EXERCISE DETAILS
Below are some records; give them all again exactly, but not the pictures.

Data extracted from a collection
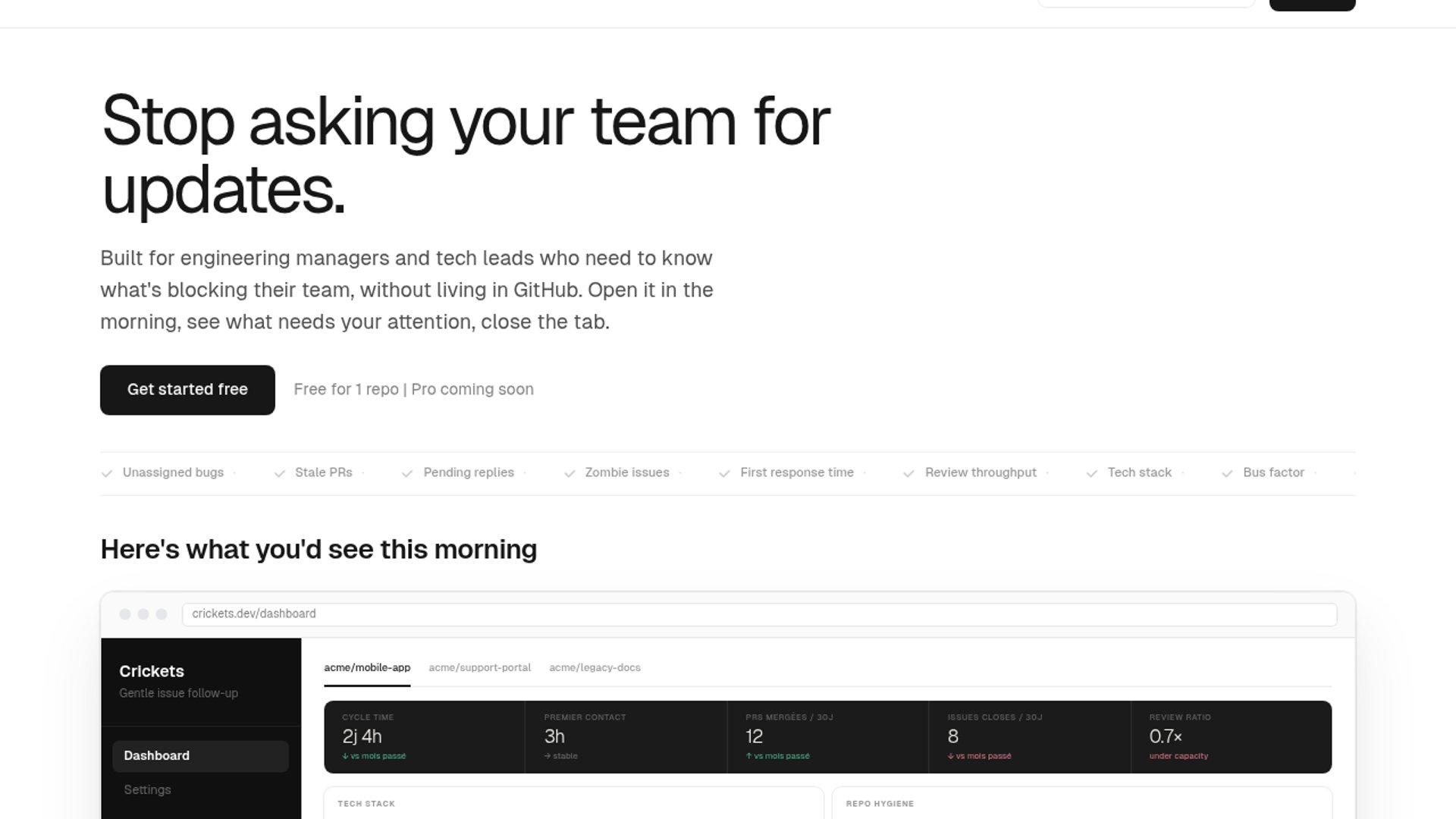 Crickets is a lightweight GitHub org dashboard for engineering managers and tech leads who want a fast read on repo health without constantly pinging the team. It highlights unassigned bugs, stale PRs, pending replies, zombie issues, production errors with no linked ticket, tech stack versions, bus factor, and repo hygiene, then lets you close the tab and move on.
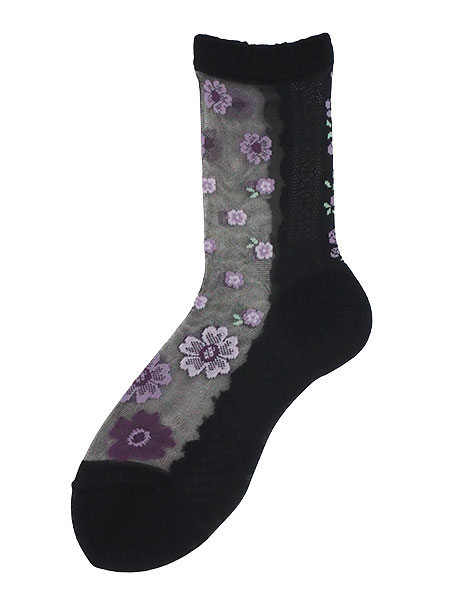 Telephone0.0 婦人 シルク混 シースルーソックス 花柄
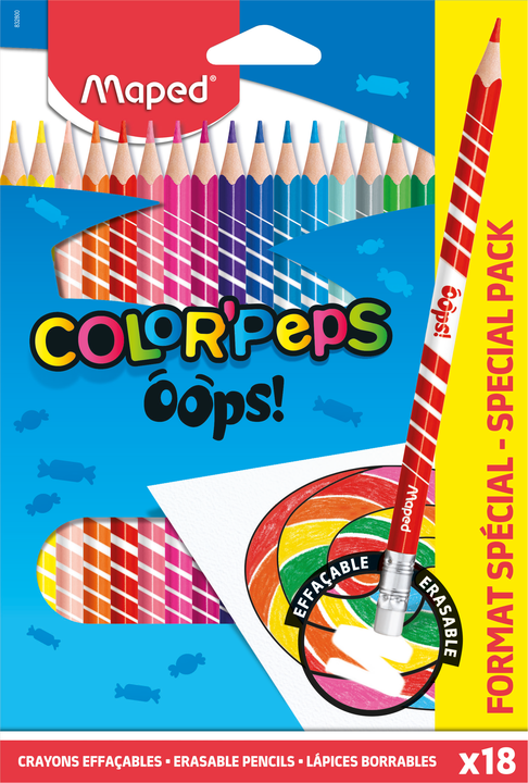 Kredki ścieralne Color'Peps OOPS z białą gumką. Wykonane z żywicy syntetycznej, co wpływa na jakość korpusu - jest elastyczny i giętki. Trójkątny, ergonomiczny przekrój zapewnia poprawny chwyt. Łatwe do temperowania - nie strzępią się i nie zostawiają drzazg. Wzmocniony grafit o przekroju 2,9 mm jest odporny na kruszenie oraz łamanie i doskonale się temperuje. Intensywne, nasycone kolory. Wyprodukowane zgodnie z wszystkimi regulacjami dotyczącymi produktów dla dzieci. 18 sztuk pakowane w praktyczne, kartonowe etui. J.S.:1 etui
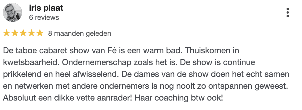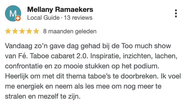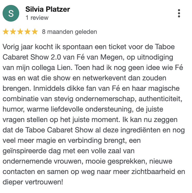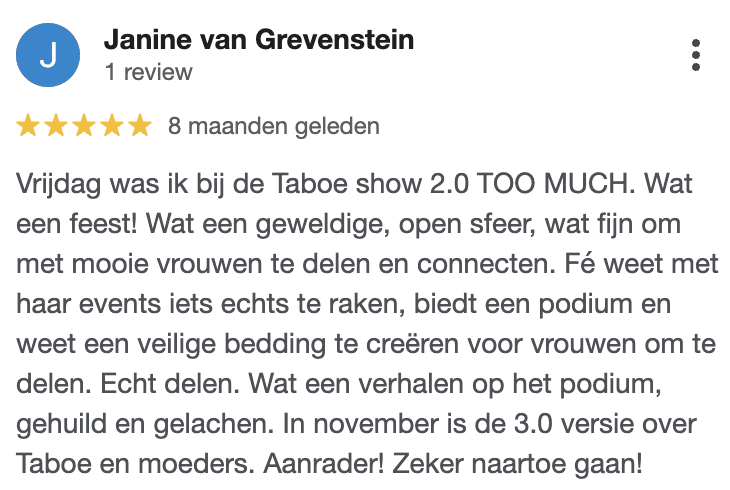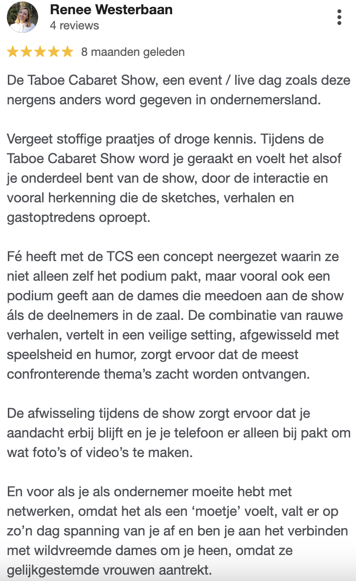 Waar je ook staat op je ondernemersreis (van 0-100K per maand) of moederschap (van zwanger tot kids al uit huis) je gaat je onderdompelen in een Show vol herkenning, een lach en een traan en prachtige spiegel.
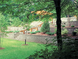 Some retaining wall manufacturers have opted to create lights that can be built into the wall in the same way as the rest of the structural units. Risi Stone Systems produces RisiLights??????oe – self-contained, fiberglass and acrylic units that have been textured and color-matched to resemble their adjacent Pisa2??????oe or PisaStone??????oe blocks when installed. With the lights switched off during daytime hours, it is difficult to tell the difference between the lighting units and the concrete wall blocks. This seamless color and texture matching affords the walls the capability to truly blend in unobtrusively with their surroundings. RisiLights??????oe are shipped complete with instructions and wiring; the only additional items needed are the light bulb and the appropriate underground electrical cable. For an illustration of how these lights look in both day- and night-time conditions, refer to the accompanying photos of the terraced landscape.
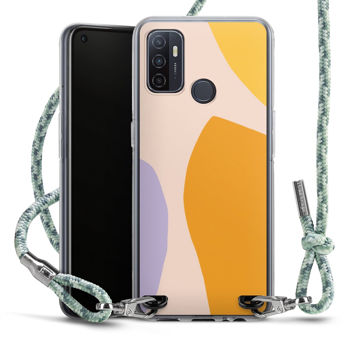 The flexible case is made from a highquality TPU material (thermoplastic Polyurethan). Thanks to its longlasting and break resistant characterisitcs, the case is flexible yet consistent in form and has a great grip and feel. The textile strap made from Polyester gives a chic yet casual accent allowing you to carry your phone like a bag or necklace - a practical gadget perfect for your next adventure. The textile strap is about 1.70 meters long and the length can easily be adjusted through the knots. Our Carry Case is available in Colourful, Mint-Camouflage, Very-Berry, Sahara-Sand and Sparkling-Neon. The ends of the textile strap are covered with metallic end caps to protect them against fraying.
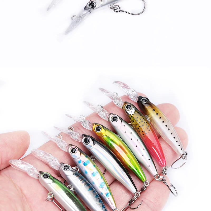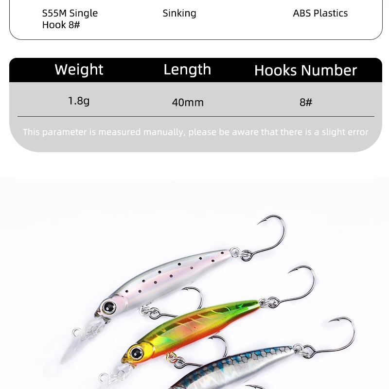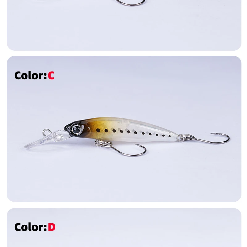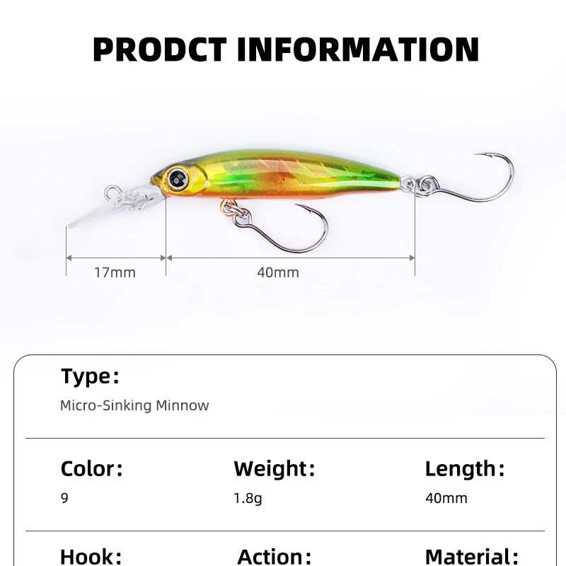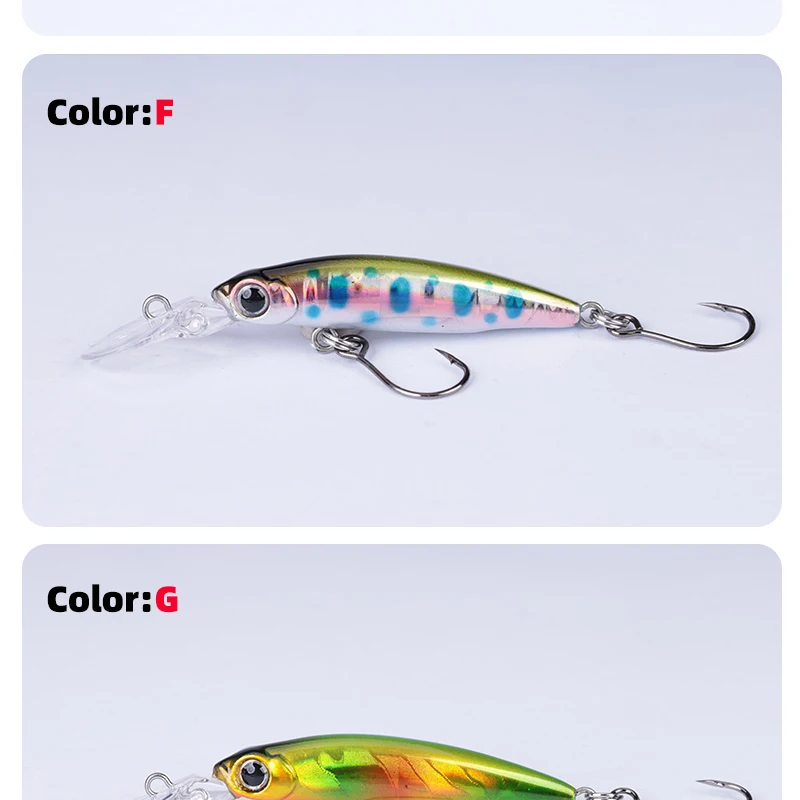 Descripción :Señuelo Mini Minnow hundido, plato de lengua larga, señuelo de pesca Minnow de 1,8g/40mm con un solo gancho, revestimiento láser, Señuelos de trucha, novedad de 2023

WRITTEN RESPONSE
 Crickets is a lightweight GitHub org dashboard for engineering managers and tech leads who want a fast read on repo health without constantly pinging the team. It highlights unassigned bugs, stale PRs, pending replies, zombie issues, production errors with no linked ticket, tech stack versions, bus factor, and repo hygiene, then lets you close the tab and move on.
 Telephone0.0 婦人 シルク混 シースルーソックス 花柄
 Kredki ścieralne Color'Peps OOPS z białą gumką. Wykonane z żywicy syntetycznej, co wpływa na jakość korpusu - jest elastyczny i giętki. Trójkątny, ergonomiczny przekrój zapewnia poprawny chwyt. Łatwe do temperowania - nie strzępią się i nie zostawiają drzazg. Wzmocniony grafit o przekroju 2,9 mm jest odporny na kruszenie oraz łamanie i doskonale się temperuje. Intensywne, nasycone kolory. Wyprodukowane zgodnie z wszystkimi regulacjami dotyczącymi produktów dla dzieci. 18 sztuk pakowane w praktyczne, kartonowe etui. J.S.:1 etui
 Waar je ook staat op je ondernemersreis (van 0-100K per maand) of moederschap (van zwanger tot kids al uit huis) je gaat je onderdompelen in een Show vol herkenning, een lach en een traan en prachtige spiegel.
 Some retaining wall manufacturers have opted to create lights that can be built into the wall in the same way as the rest of the structural units. Risi Stone Systems produces RisiLights??????oe – self-contained, fiberglass and acrylic units that have been textured and color-matched to resemble their adjacent Pisa2??????oe or PisaStone??????oe blocks when installed. With the lights switched off during daytime hours, it is difficult to tell the difference between the lighting units and the concrete wall blocks. This seamless color and texture matching affords the walls the capability to truly blend in unobtrusively with their surroundings. RisiLights??????oe are shipped complete with instructions and wiring; the only additional items needed are the light bulb and the appropriate underground electrical cable. For an illustration of how these lights look in both day- and night-time conditions, refer to the accompanying photos of the terraced landscape.
 The flexible case is made from a highquality TPU material (thermoplastic Polyurethan). Thanks to its longlasting and break resistant characterisitcs, the case is flexible yet consistent in form and has a great grip and feel. The textile strap made from Polyester gives a chic yet casual accent allowing you to carry your phone like a bag or necklace - a practical gadget perfect for your next adventure. The textile strap is about 1.70 meters long and the length can easily be adjusted through the knots. Our Carry Case is available in Colourful, Mint-Camouflage, Very-Berry, Sahara-Sand and Sparkling-Neon. The ends of the textile strap are covered with metallic end caps to protect them against fraying.
 Descripción :Señuelo Mini Minnow hundido, plato de lengua larga, señuelo de pesca Minnow de 1,8g/40mm con un solo gancho, revestimiento láser, Señuelos de trucha, novedad de 2023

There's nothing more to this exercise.